[TRY IT]
Please restate each line of the material word for word and omit any pictures.

==== SOURCE MATERIAL ====

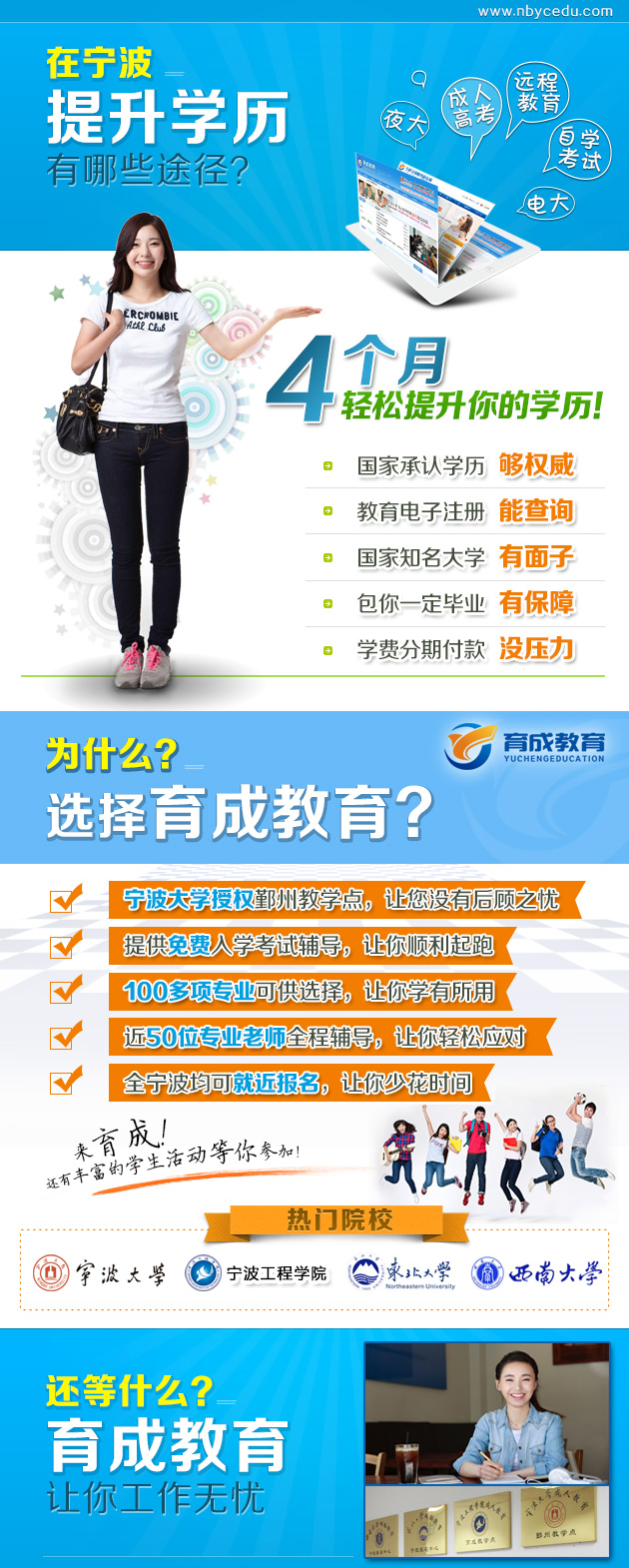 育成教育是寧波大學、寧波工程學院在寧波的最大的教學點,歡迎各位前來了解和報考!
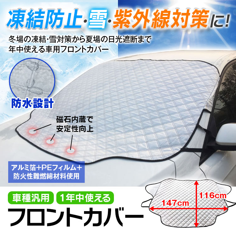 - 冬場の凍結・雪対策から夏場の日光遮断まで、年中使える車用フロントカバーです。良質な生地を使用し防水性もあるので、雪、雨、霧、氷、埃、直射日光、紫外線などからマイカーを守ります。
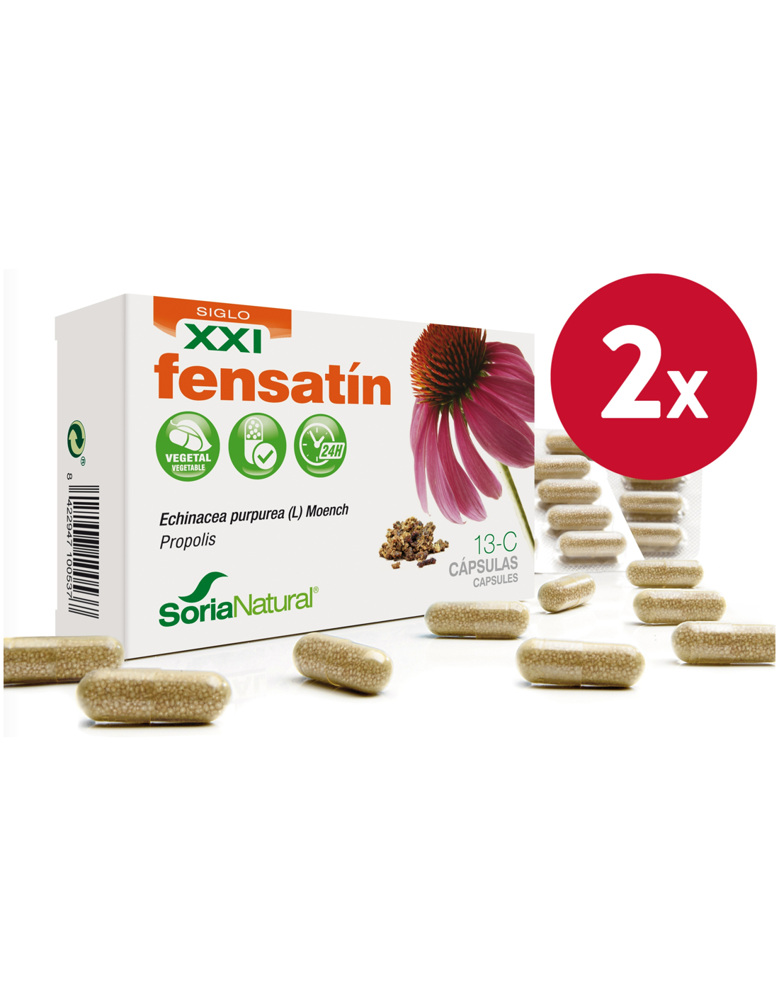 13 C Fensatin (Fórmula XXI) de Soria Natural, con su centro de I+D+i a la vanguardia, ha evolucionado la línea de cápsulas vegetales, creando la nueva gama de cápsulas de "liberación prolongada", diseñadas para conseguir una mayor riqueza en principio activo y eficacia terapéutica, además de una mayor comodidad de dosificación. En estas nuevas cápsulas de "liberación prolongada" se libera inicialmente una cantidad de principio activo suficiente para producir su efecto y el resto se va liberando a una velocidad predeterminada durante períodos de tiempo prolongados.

====

[ANSWER TO THIS PROBLEM]
 育成教育是寧波大學、寧波工程學院在寧波的最大的教學點,歡迎各位前來了解和報考!
 - 冬場の凍結・雪対策から夏場の日光遮断まで、年中使える車用フロントカバーです。良質な生地を使用し防水性もあるので、雪、雨、霧、氷、埃、直射日光、紫外線などからマイカーを守ります。
 13 C Fensatin (Fórmula XXI) de Soria Natural, con su centro de I+D+i a la vanguardia, ha evolucionado la línea de cápsulas vegetales, creando la nueva gama de cápsulas de "liberación prolongada", diseñadas para conseguir una mayor riqueza en principio activo y eficacia terapéutica, además de una mayor comodidad de dosificación. En estas nuevas cápsulas de "liberación prolongada" se libera inicialmente una cantidad de principio activo suficiente para producir su efecto y el resto se va liberando a una velocidad predeterminada durante períodos de tiempo prolongados.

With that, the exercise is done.